Li Ka-shing, Hong Kong’s richest man, has shown how a diverse portfolio of investments has helped his flagship companies thrive, even as his city was saddled by the most severe economic slump in decades during the Covid-19 pandemic.
The Li family-controlled CK Hutchison Holdings beat estimates when its 2022 net profit rose 10 per cent to HK$36.68 billion (US$4.7 billion), while the combined revenue from its other businesses, which range from container ports and retail sales to telecommunications, increased by 2.7 per cent to HK$457.23 billion.
CK Asset Holdings, Li’s property flagship, said on Thursday that its net profit rose 2.1 per cent to HK$21.68 billion, or earnings per share of HK$5.98, up 3.6 per cent when compared with the previous year.
“We do not [only] do one business,” Victor Li Tzar-kuoi, Li’s elder son and chairman of CK Asset, said in a press conference after the company’s earnings announcement. “We have many choices to target different places and businesses, and most importantly the economic cycle, to flexibly allocate capital in different assets. Then you can balance the development.”
For example, Hong Kong’s property sector has witnessed keen competition over the last few years, with land prices surging to new highs. “We had a choice to develop elsewhere, investing in infrastructure or other projects with fixed income,” Li said. “At an appropriate time, we could even lock in returns.”
CK Asset bought 5, Broadgate in London in June 2018 and sold it for a return of some 40 per cent after three-and-a-half years, Li said. The firm’s aeroplane leasing business had also reported a double-digit internal rate of return, he added.
“So we have an ample war chest. In these few years, when Hong Kong’s land prices are more reasonable, we can buy several more projects,” Li said. “Luckily, we did not buy too many properties a few years ago, at high levels.”
In 2021 and 2022, CK Asset invested more than HK$30 billion to acquire four sites at reasonable prices through government tenders, and to secure two redevelopment projects, according to its exchange filing.
“Over time, [land] valuations have to follow offers” by developers, Li said, adding that the most important is the average land bank cost, which is very competitive currently.
CK Asset on Thursday priced the first batch of 88 flats at its Grand Jete phase two development at a discounted entry price of just HK$3.07 million for a 266 sq ft flat. The average price per square foot at HK$12,509 after discounts is the lowest in close to three years, and some 20 per cent lower than the HK$15,050 per square foot CK Asset sought for phase one in June last year, according to Centaline Property Agency.
Li said the eye-catching pricing could stimulate the market. The development – with about 60 per cent of the flats on offer selling for less than HK$4 million – is an affordable project that can cater to first-time buyers, he added.
“Hong Kong’s living space is too small compared to anywhere [else] in the world,” Li said. “Hong Kong people have been asking for more affordable housing and more people are buying their first homes.

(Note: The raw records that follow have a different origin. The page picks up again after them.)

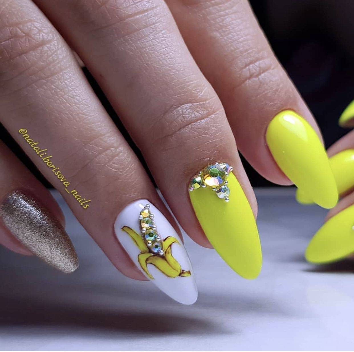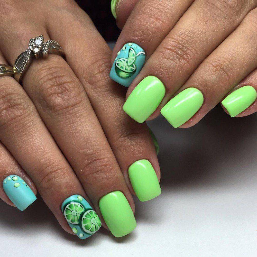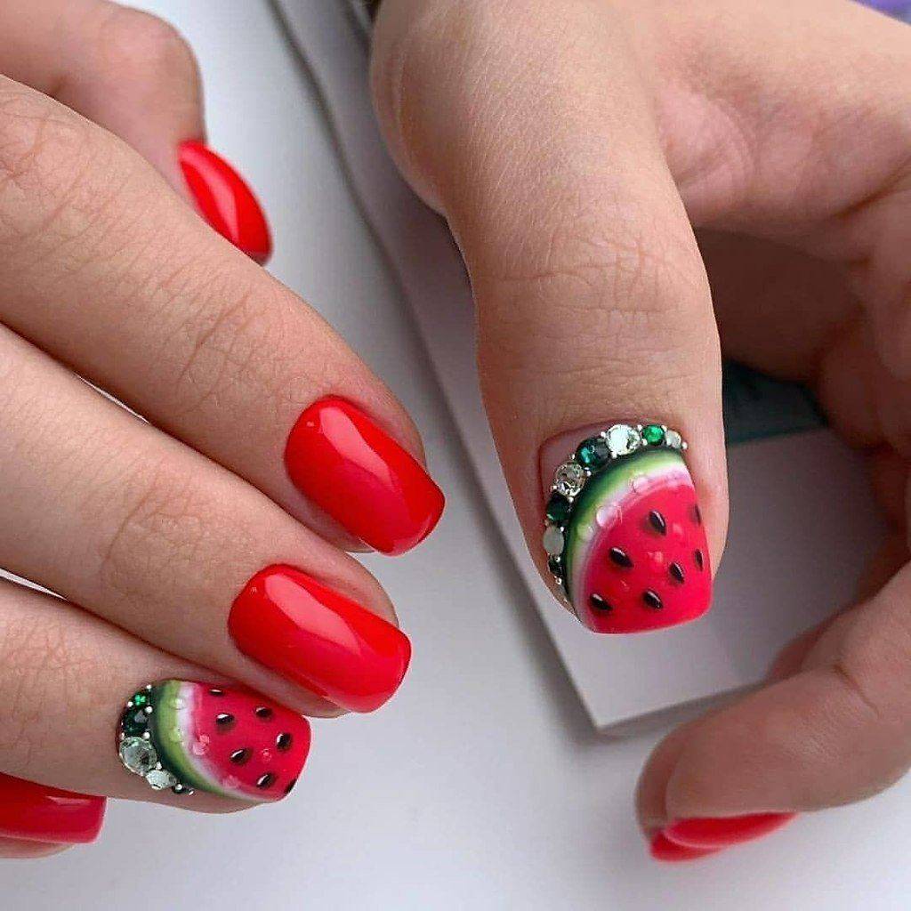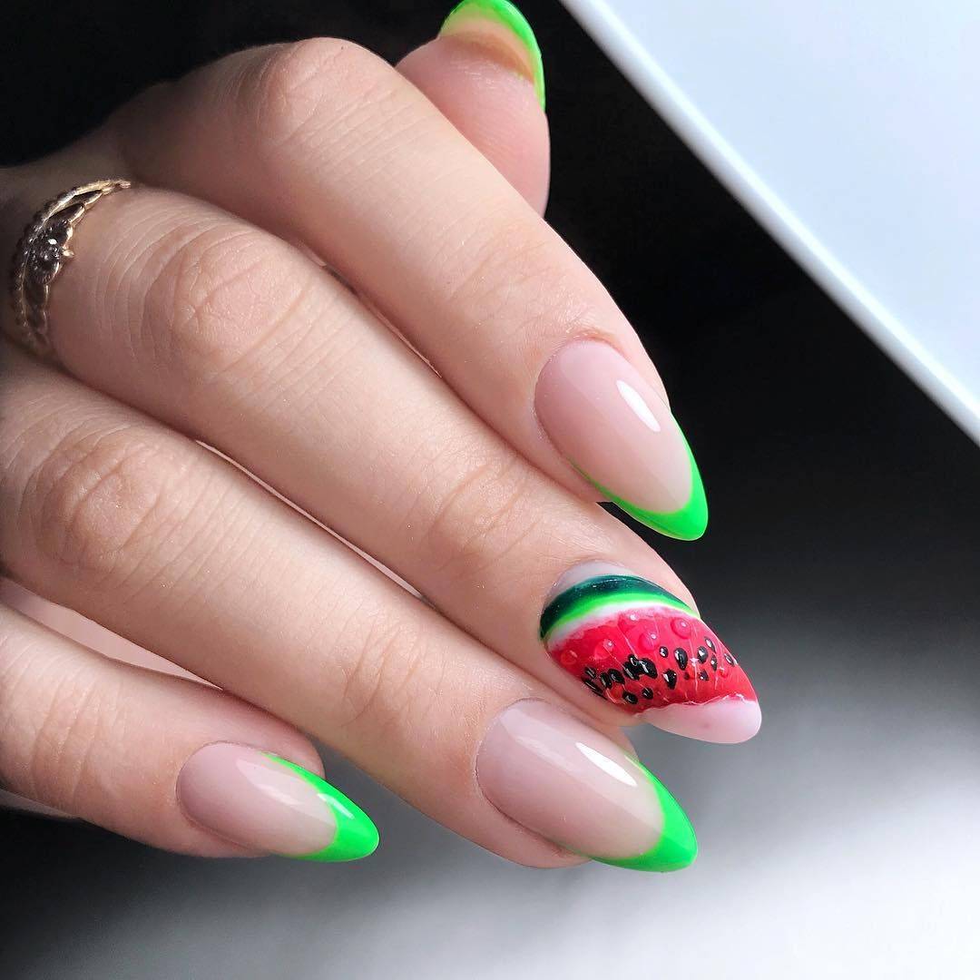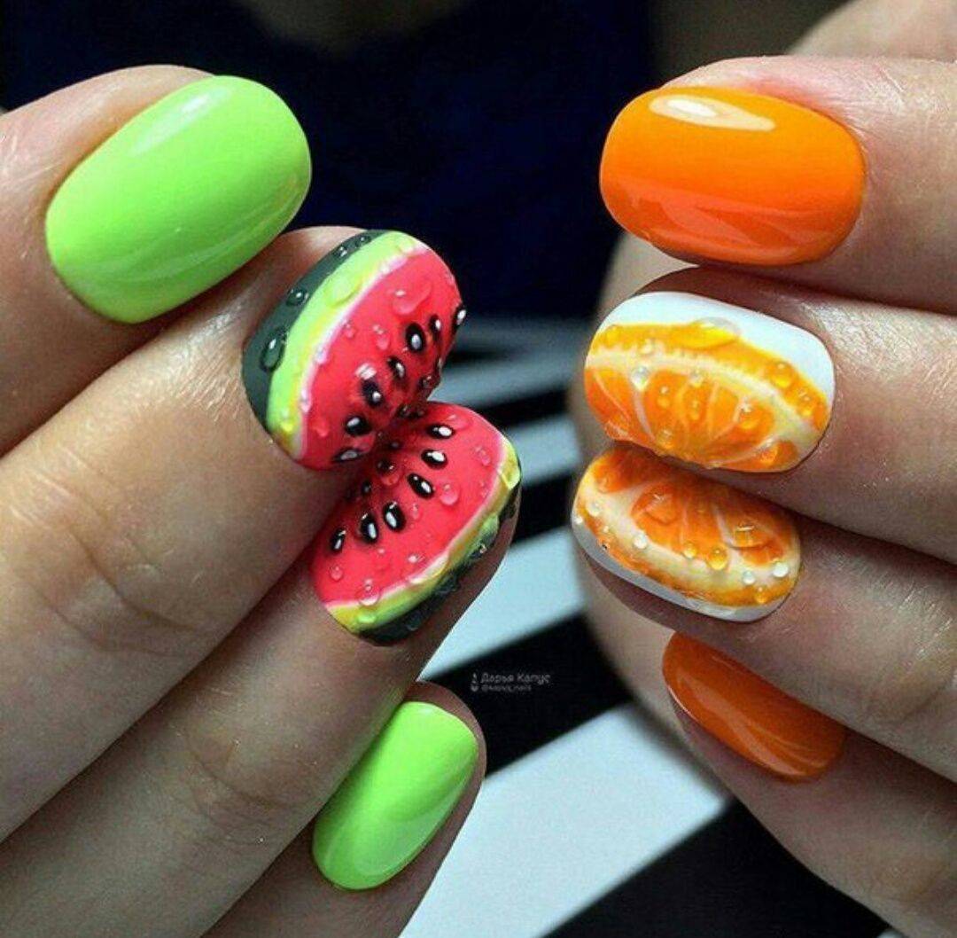 В ярком маникюре, помимо оттенков, может быть еще несколько акцентов. Это могут быть узоры в виде полосок, дымки, стразов, геометрического декора и т.д. Яркие оттенки помогают создать выразительные и заметные нейл-арты. Пример такого красивого дизайна – маникюр с фруктами. Дизайн выглядит очень ярко и красиво, особенно если фрукты выполнены в разрезе.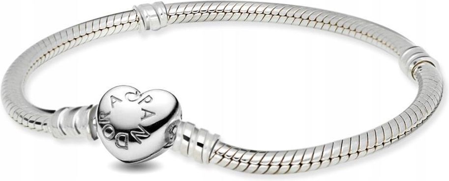 Bransoletka Pandora Moments - Z zapięciem w kształcie Serca 590719 17 cm Romantyczna wersja bestsellerowej bransoletki do charmsów Pandora. Wykończona ręcznie, z zapięciem w kształcie serca, wężykowa bransoletka ze srebra próby 925 wygląda olśniewająco bez dodatków, ale jeszcze lepiej po …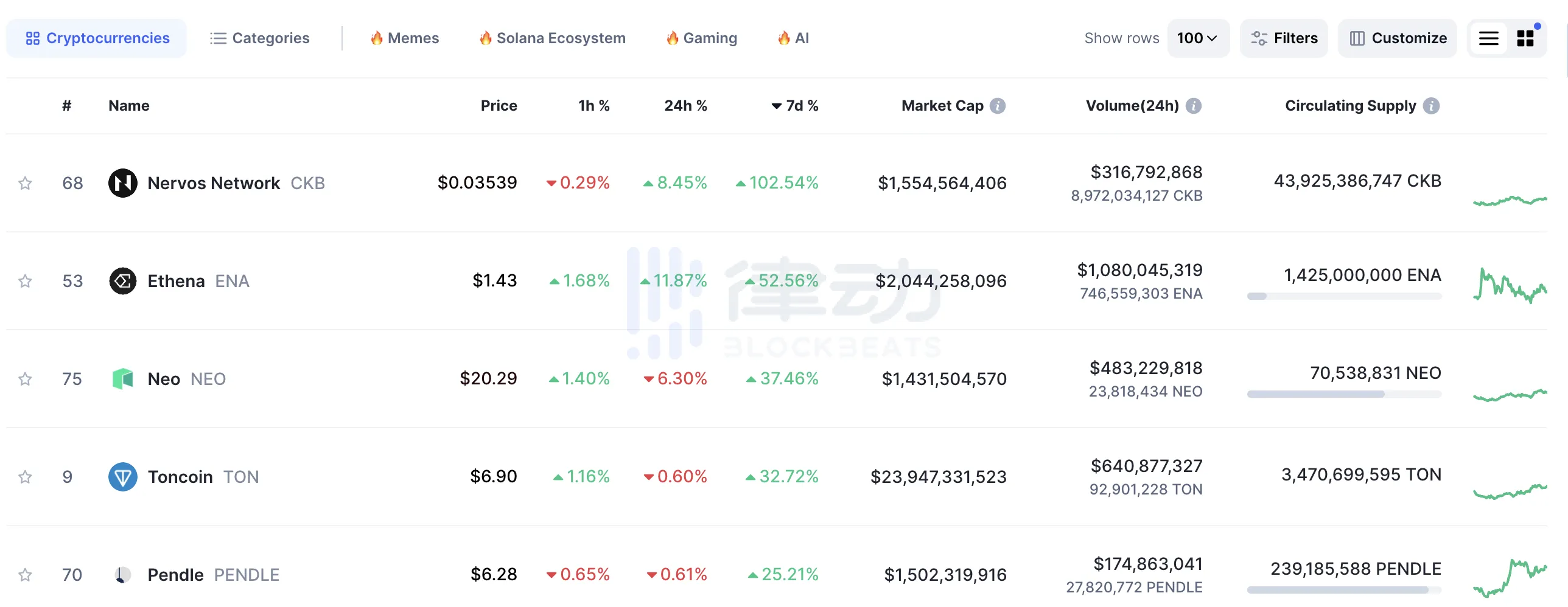 近几日,Nervos CKB 代币 CKB 的涨幅十分亮眼,CKB 在今日突破 0.035 美元,24 涨幅 8.98%。在 CoinMarketCap 上,CKB 以 102% 的周涨幅排名第一,远超 ENA、TON 等热门项目代币。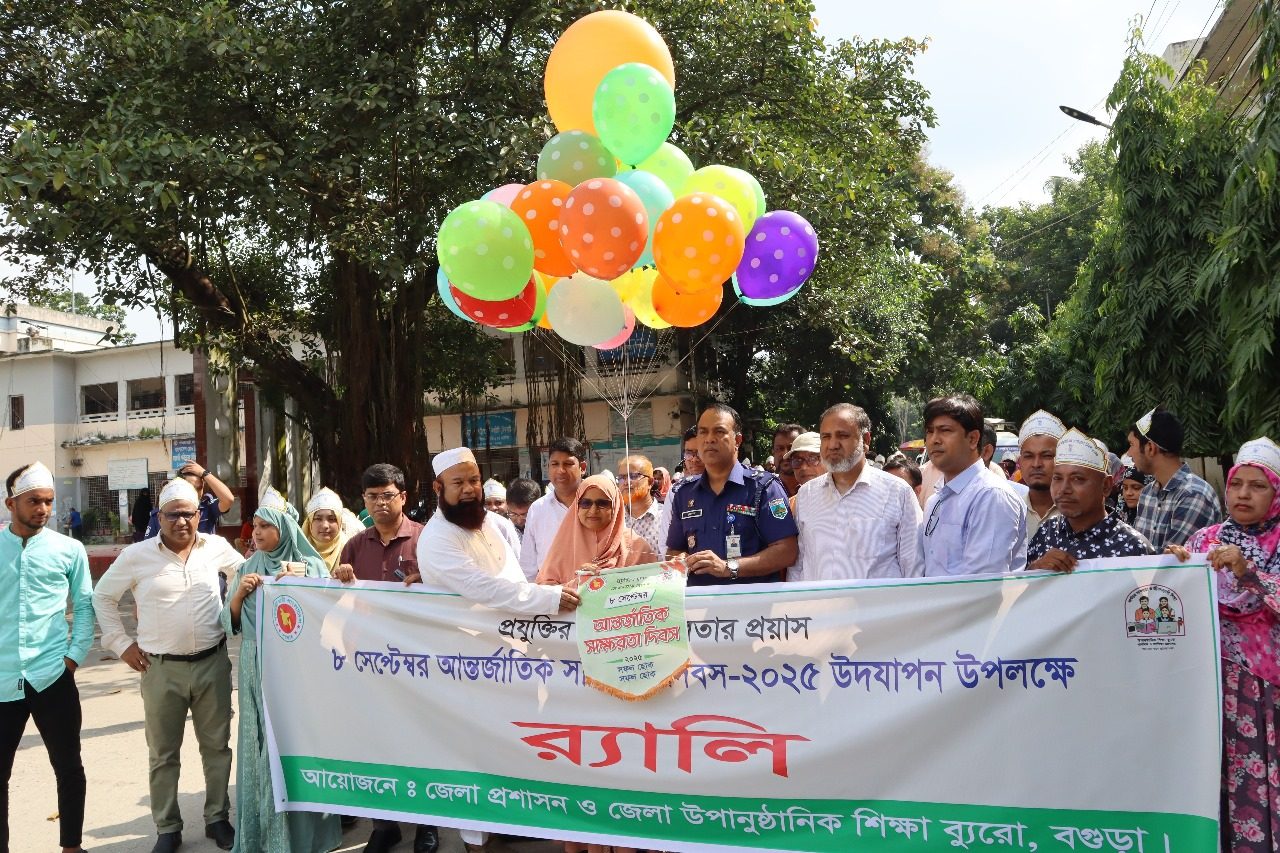 “প্রযুক্তির যুগে সাক্ষরতার প্রয়াস” এই প্রতিপাদ্যকে সামনে রেখে জেলা প্রশাসন ও উপানুষ্ঠানিক শিক্ষা ব্যুরো, বগুড়া’র আয়োজনে ৮ সেপ্টেম্বর ২০২৫ তারিখে আন্তর্জাতিক সাক্ষরতা দিবস-২০২৫ উপলক্ষে এক

“If we could buy cheap land, why don’t we sell flats more cheaply? Buyers are happy. We are also happy.”
Hutchison’s better-than-expected results were also helped by a strong contribution from Canadian oil and natural gas company Cenovus Energy and the successful completion of several key strategic transactions during the year, the company said.
This included a HK$15.8 billion gain from the disposal of its stake in UK cell tower assets to Cellnex completed in November 2022, and a net gain of HK$6.1 billion from the completion of a merger of its Indonesian telecommunications business in the first half of last year.
Last year was difficult and full of obstacles, but companies such as Cenovus made “satisfactory contributions”, Li said.